§ **Work to be completed**: The entries below are to be restated exactly, and their images are to be omitted.

§ **Records for this task**:
________________
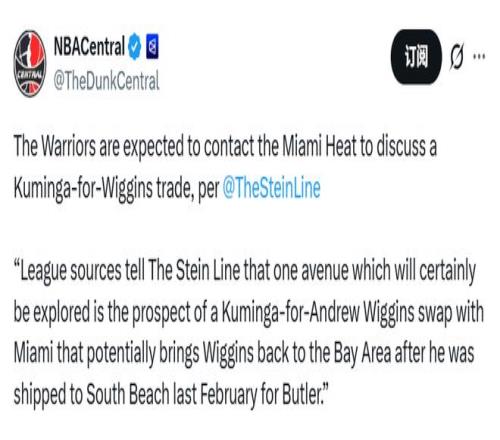 北京時(shí)間1月24日,在吉米-巴特勒遭遇賽季報(bào)銷的前交叉韌帶撕裂傷病后,金州勇士隊(duì)針對(duì)交易截止日的運(yùn)作思路已經(jīng)浮出水面。名記Stein報(bào)道,勇士隊(duì)有意探討將前鋒喬納森-庫(kù)明加交易至邁阿密熱火隊(duì),從而換回安德魯-維金斯的可能性。
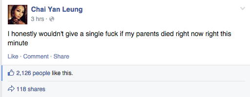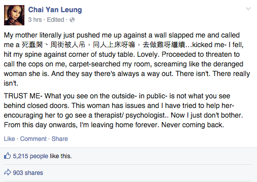 In a status update at around 7am this morning, Chai claims her mother, Regina Leung, slapped her and called her a “stupid f**king c*nt” and a “prostitute”, and accused her of sleeping around.
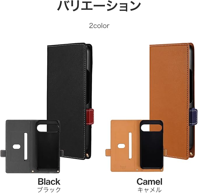 サイドベルトがバイカラーになった遊び心ある手帳型ケース
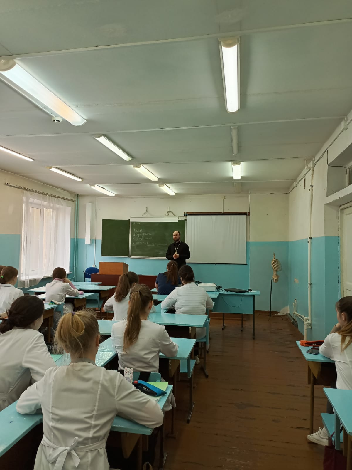 В вологодском медицинском колледже состоялась встреча студентов с заместителем руководителя миссионерского отдела Вологодской епархии иереем Иоанном Фоминым
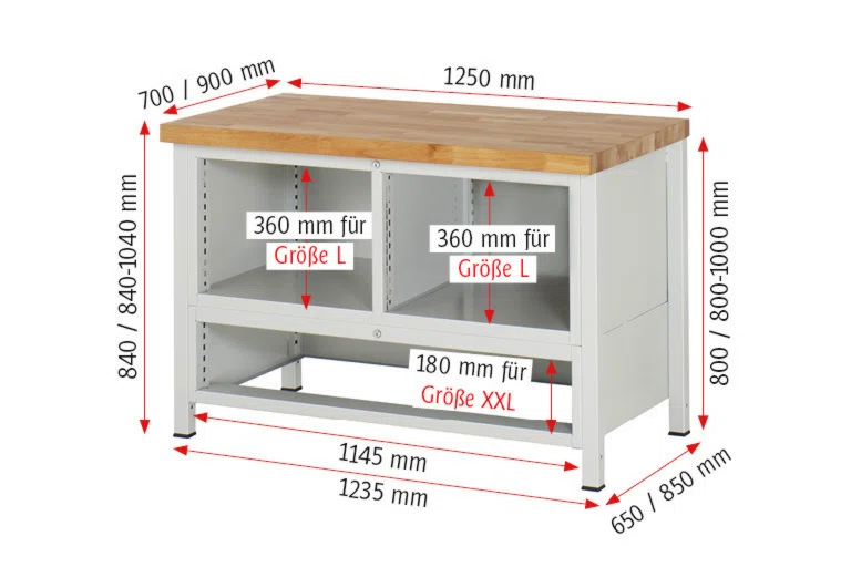 | Typ/Modell | Werkbänke mit Unterbau |
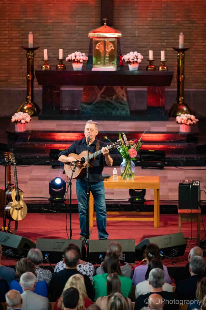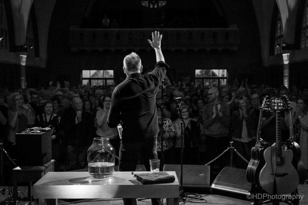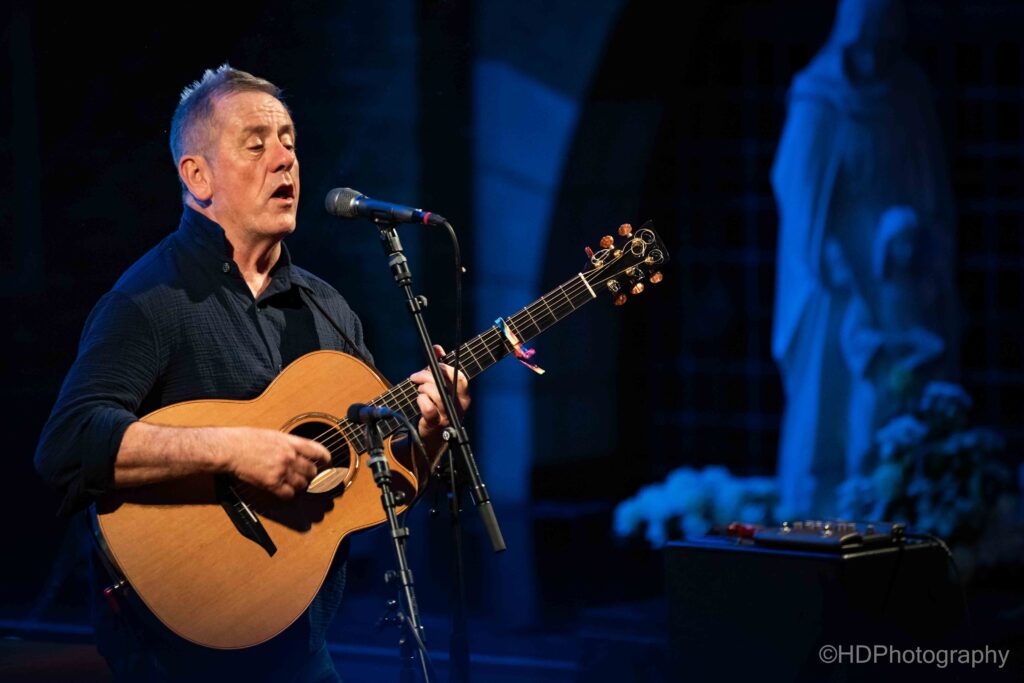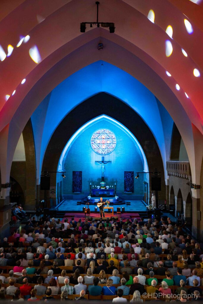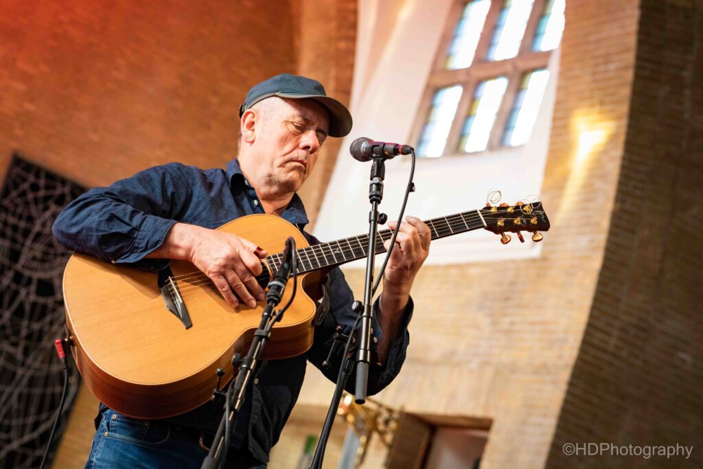 s’Avonds liep de uitverkochte kerk snel helemaal vol, met een ietwat ouder en rijper publiek. ‘You’re a good looking audience’, declameerde hij bij het opkomen. Ook refereerde hij naar het grote aantal kaalkoppen in de zaal en de toon was gezet. De set werd overtuigend ingezet met Diamond Mountain.
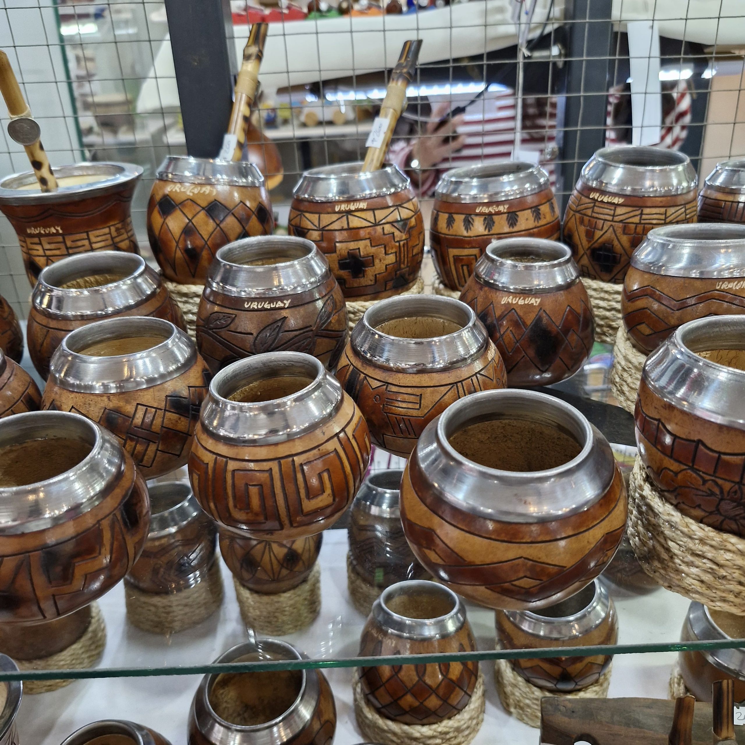 mates tallados y pintados a mano, bombillas y posa mates. Artesano Fredy Martínez
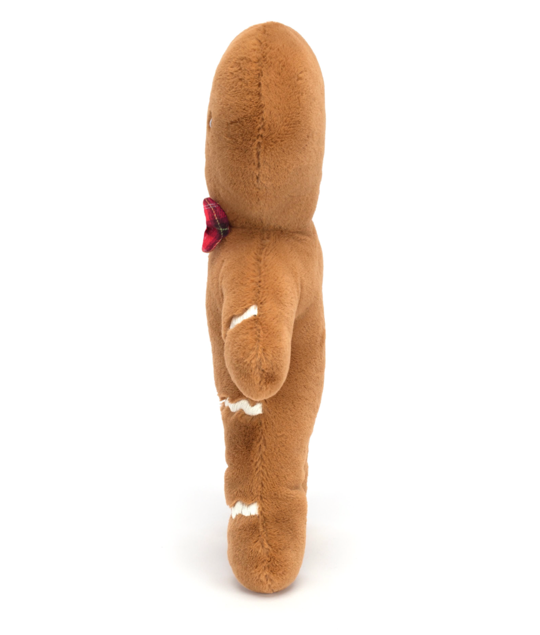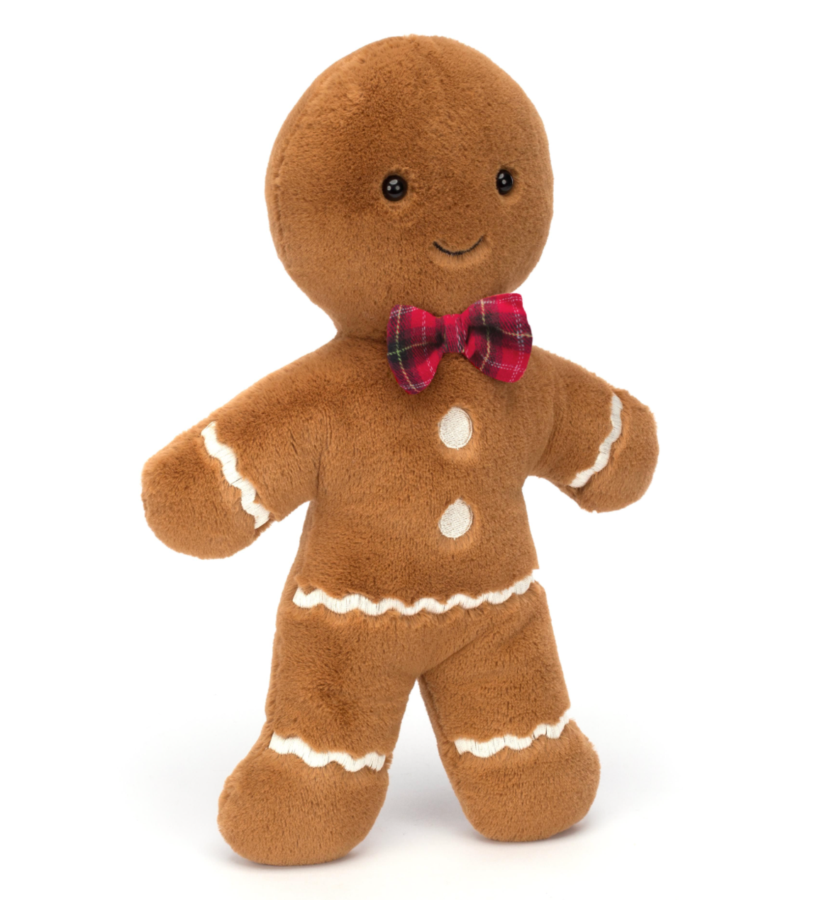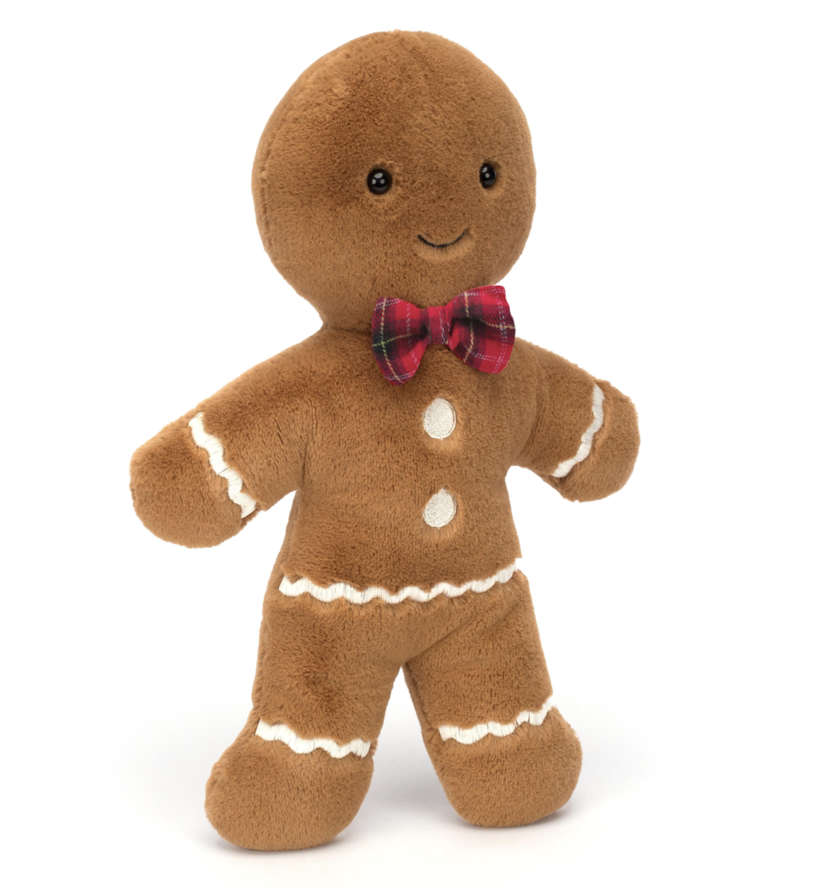 Jolly Gingerbread Fred may have hopped straight out of the tin, but this guy's always looking smart! In soft golden biscuit fur with scalloped stitch icing, embroidered buttons and a red tartan bow, Fred is a forever festive friend!
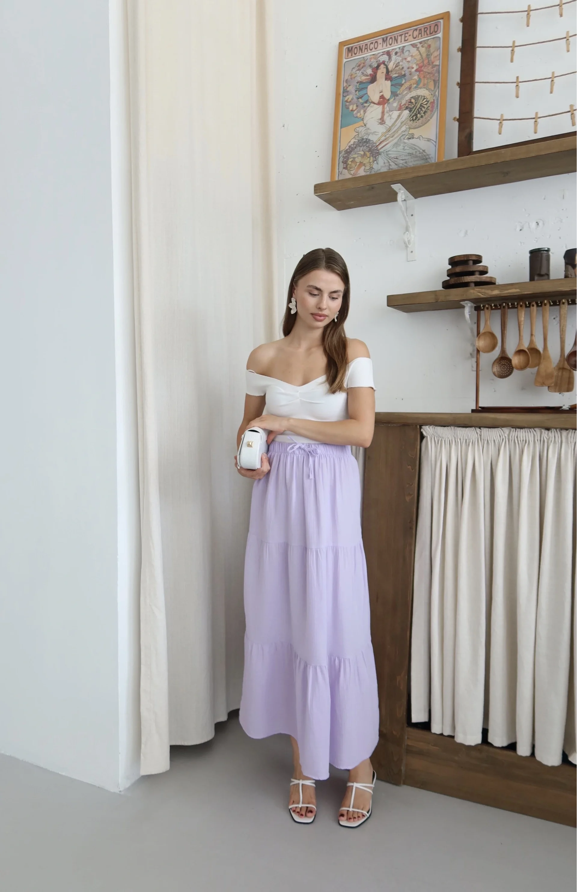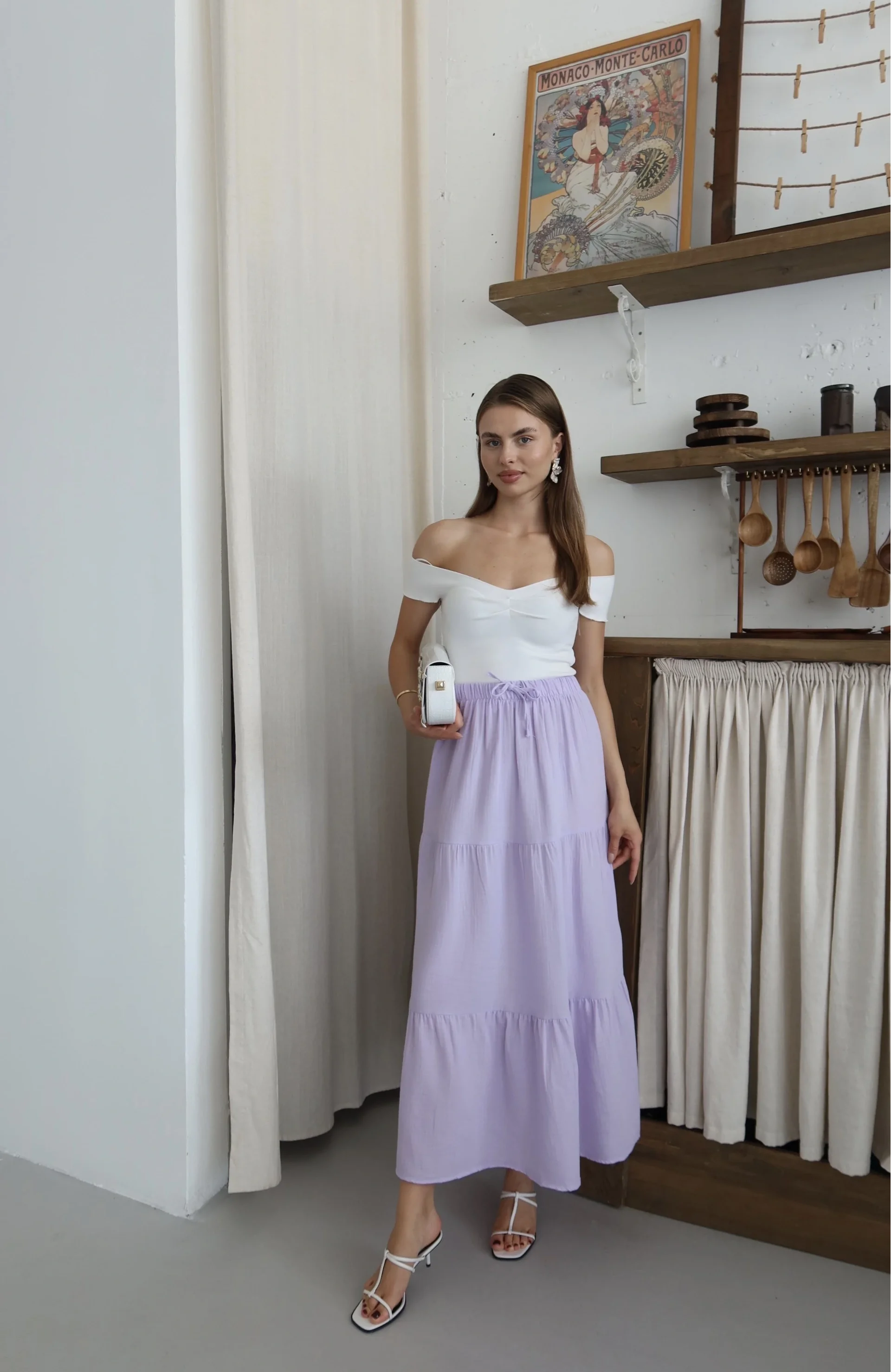 Sezonun trend parçası olan bu uzun etek, şıklığı ve rahatlığı bir arada sunuyor. Yüksek kaliteli müslin kumaştan üretilmiş olan etek, gün boyu konfor sağlar. Zarif lila rengi ile her mevsim ve her kombinle uyum sağlar.
________________
§ **Expected answer**:
 北京時(shí)間1月24日,在吉米-巴特勒遭遇賽季報(bào)銷的前交叉韌帶撕裂傷病后,金州勇士隊(duì)針對(duì)交易截止日的運(yùn)作思路已經(jīng)浮出水面。名記Stein報(bào)道,勇士隊(duì)有意探討將前鋒喬納森-庫(kù)明加交易至邁阿密熱火隊(duì),從而換回安德魯-維金斯的可能性。
 In a status update at around 7am this morning, Chai claims her mother, Regina Leung, slapped her and called her a “stupid f**king c*nt” and a “prostitute”, and accused her of sleeping around.
 サイドベルトがバイカラーになった遊び心ある手帳型ケース
 В вологодском медицинском колледже состоялась встреча студентов с заместителем руководителя миссионерского отдела Вологодской епархии иереем Иоанном Фоминым
 | Typ/Modell | Werkbänke mit Unterbau |
 s’Avonds liep de uitverkochte kerk snel helemaal vol, met een ietwat ouder en rijper publiek. ‘You’re a good looking audience’, declameerde hij bij het opkomen. Ook refereerde hij naar het grote aantal kaalkoppen in de zaal en de toon was gezet. De set werd overtuigend ingezet met Diamond Mountain.
 mates tallados y pintados a mano, bombillas y posa mates. Artesano Fredy Martínez
 Jolly Gingerbread Fred may have hopped straight out of the tin, but this guy's always looking smart! In soft golden biscuit fur with scalloped stitch icing, embroidered buttons and a red tartan bow, Fred is a forever festive friend!
 Sezonun trend parçası olan bu uzun etek, şıklığı ve rahatlığı bir arada sunuyor. Yüksek kaliteli müslin kumaştan üretilmiş olan etek, gün boyu konfor sağlar. Zarif lila rengi ile her mevsim ve her kombinle uyum sağlar.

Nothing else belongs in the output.